WORK REQUIRED: Output only the lines of the entries that follow, starting at the one with "Curvaceous Boutique Grey" and running down to the one with "T-shirt a manica", both included and unchanged.

Start of DATA FOR PROCESSING

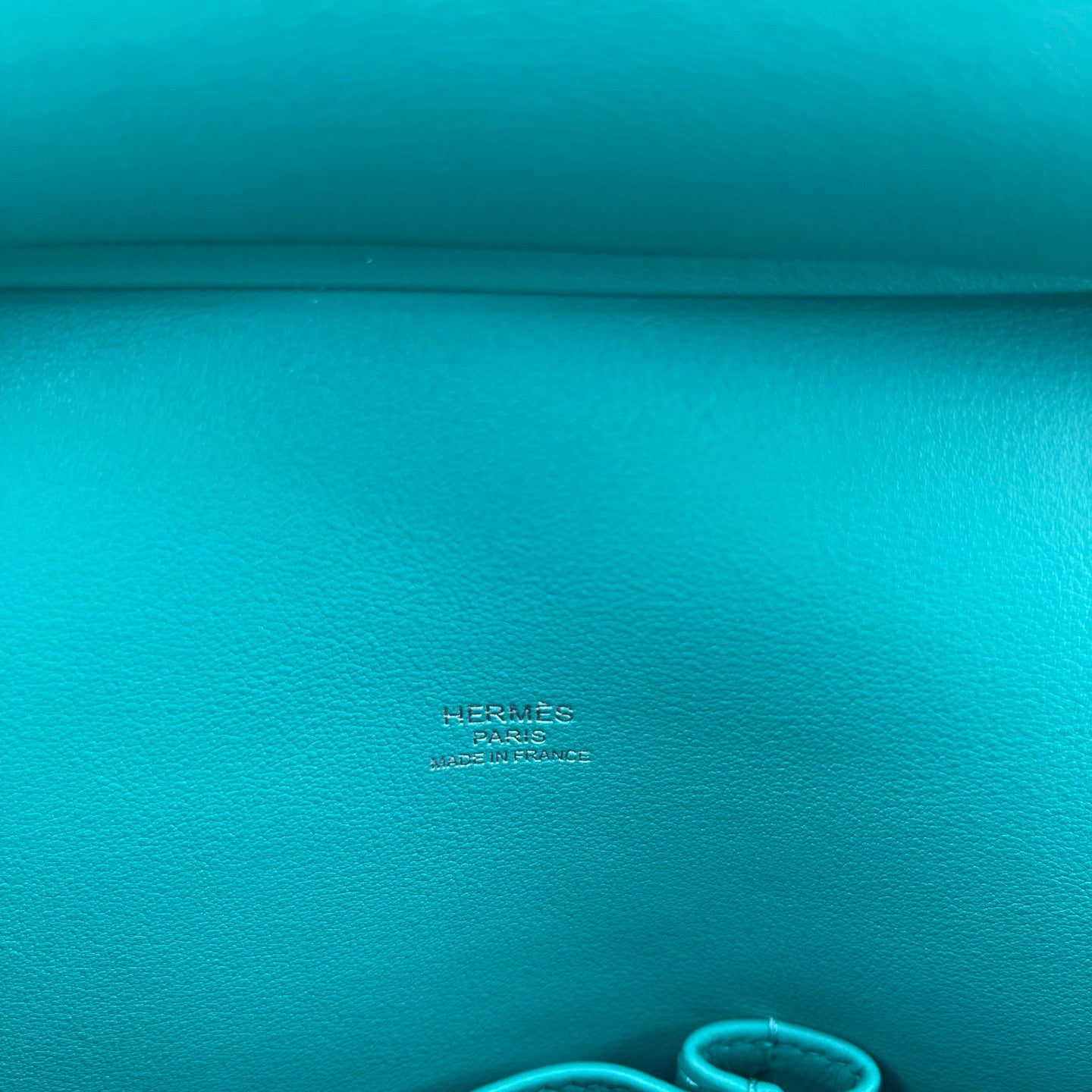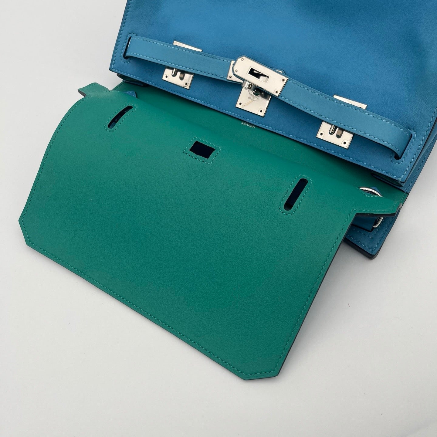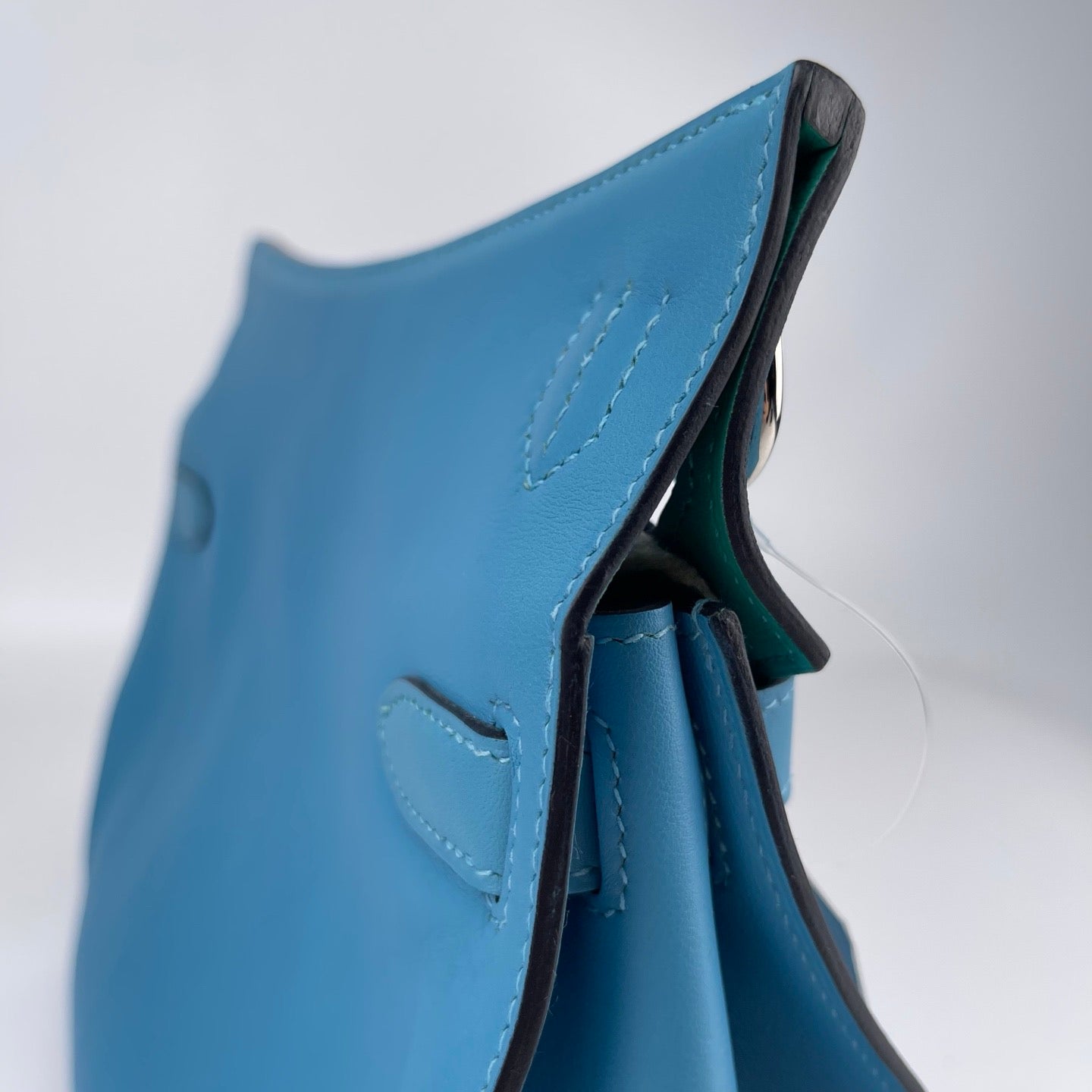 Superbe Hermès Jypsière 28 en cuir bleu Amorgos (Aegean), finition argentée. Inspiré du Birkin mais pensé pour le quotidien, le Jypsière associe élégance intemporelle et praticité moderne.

End of DATA FOR PROCESSING
Start of DATA FOR PROCESSING

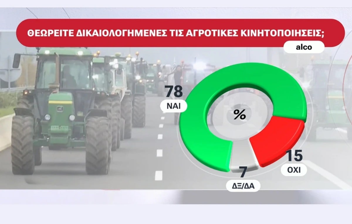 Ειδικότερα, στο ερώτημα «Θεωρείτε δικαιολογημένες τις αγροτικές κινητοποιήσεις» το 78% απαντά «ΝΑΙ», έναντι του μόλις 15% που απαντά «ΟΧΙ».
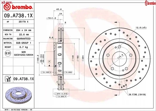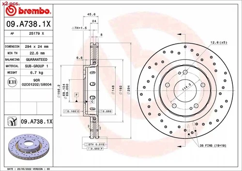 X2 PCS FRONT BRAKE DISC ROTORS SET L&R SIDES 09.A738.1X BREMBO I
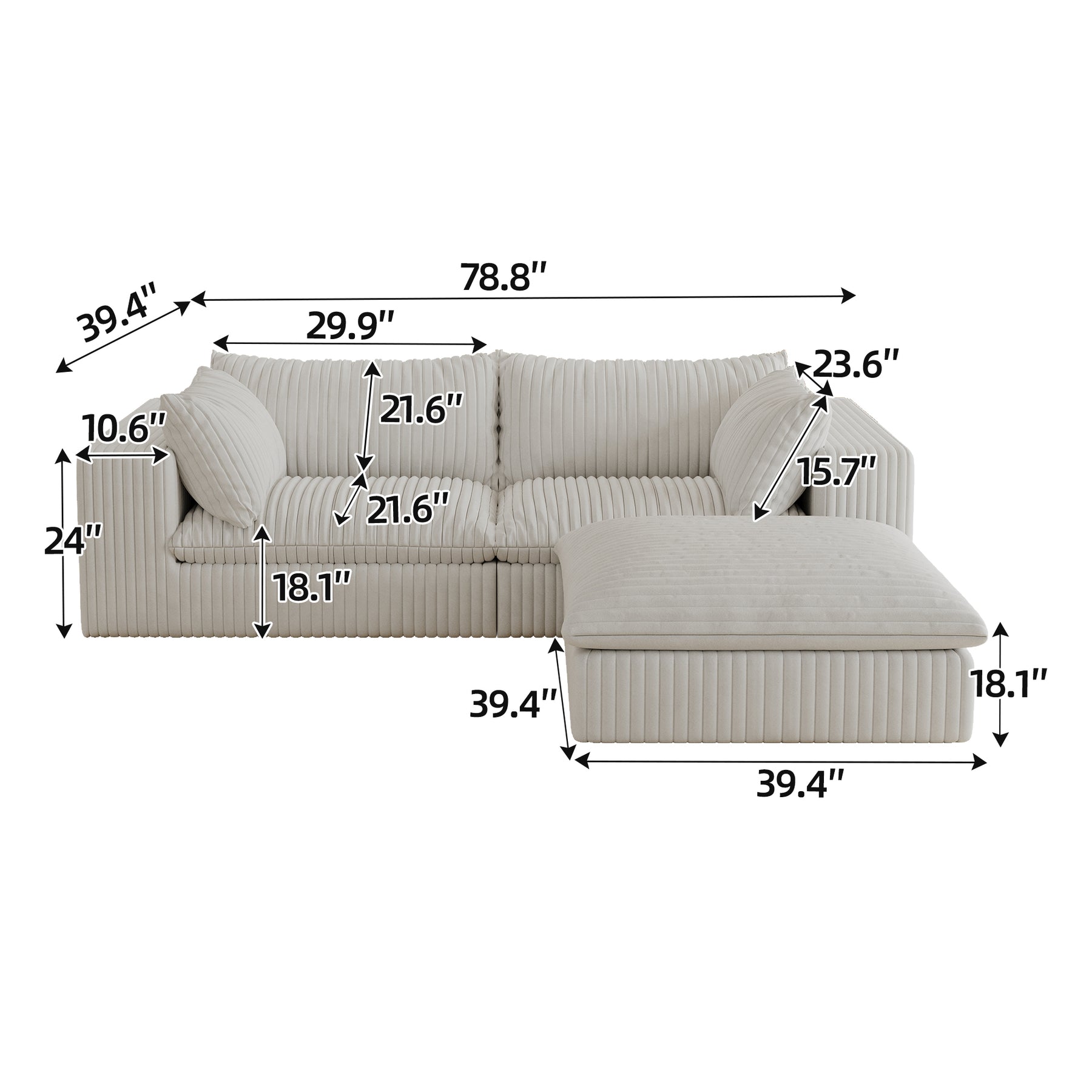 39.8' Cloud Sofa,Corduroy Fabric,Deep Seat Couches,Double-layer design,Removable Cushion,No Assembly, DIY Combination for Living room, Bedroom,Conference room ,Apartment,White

End of DATA FOR PROCESSING
Start of DATA FOR PROCESSING

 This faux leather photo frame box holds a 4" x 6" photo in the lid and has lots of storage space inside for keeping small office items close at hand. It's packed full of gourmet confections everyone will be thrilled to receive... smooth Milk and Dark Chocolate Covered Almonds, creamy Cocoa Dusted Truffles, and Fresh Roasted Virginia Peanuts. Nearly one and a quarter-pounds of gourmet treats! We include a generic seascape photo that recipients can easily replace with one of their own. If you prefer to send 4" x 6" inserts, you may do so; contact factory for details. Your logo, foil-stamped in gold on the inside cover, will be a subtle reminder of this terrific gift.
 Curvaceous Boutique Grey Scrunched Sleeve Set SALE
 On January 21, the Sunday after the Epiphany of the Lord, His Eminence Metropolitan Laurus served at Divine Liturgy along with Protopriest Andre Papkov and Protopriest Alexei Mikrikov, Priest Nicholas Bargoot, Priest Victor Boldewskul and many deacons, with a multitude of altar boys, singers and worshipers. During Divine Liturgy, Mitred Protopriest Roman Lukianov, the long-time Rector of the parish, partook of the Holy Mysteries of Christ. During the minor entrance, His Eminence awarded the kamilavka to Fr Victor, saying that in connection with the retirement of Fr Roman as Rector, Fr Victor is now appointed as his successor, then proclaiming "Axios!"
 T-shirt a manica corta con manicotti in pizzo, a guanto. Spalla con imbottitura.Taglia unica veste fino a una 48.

End of DATA FOR PROCESSING

SOLUTION FOR THIS PROBLEM:
 Curvaceous Boutique Grey Scrunched Sleeve Set SALE
 On January 21, the Sunday after the Epiphany of the Lord, His Eminence Metropolitan Laurus served at Divine Liturgy along with Protopriest Andre Papkov and Protopriest Alexei Mikrikov, Priest Nicholas Bargoot, Priest Victor Boldewskul and many deacons, with a multitude of altar boys, singers and worshipers. During Divine Liturgy, Mitred Protopriest Roman Lukianov, the long-time Rector of the parish, partook of the Holy Mysteries of Christ. During the minor entrance, His Eminence awarded the kamilavka to Fr Victor, saying that in connection with the retirement of Fr Roman as Rector, Fr Victor is now appointed as his successor, then proclaiming "Axios!"
 T-shirt a manica corta con manicotti in pizzo, a guanto. Spalla con imbottitura.Taglia unica veste fino a una 48.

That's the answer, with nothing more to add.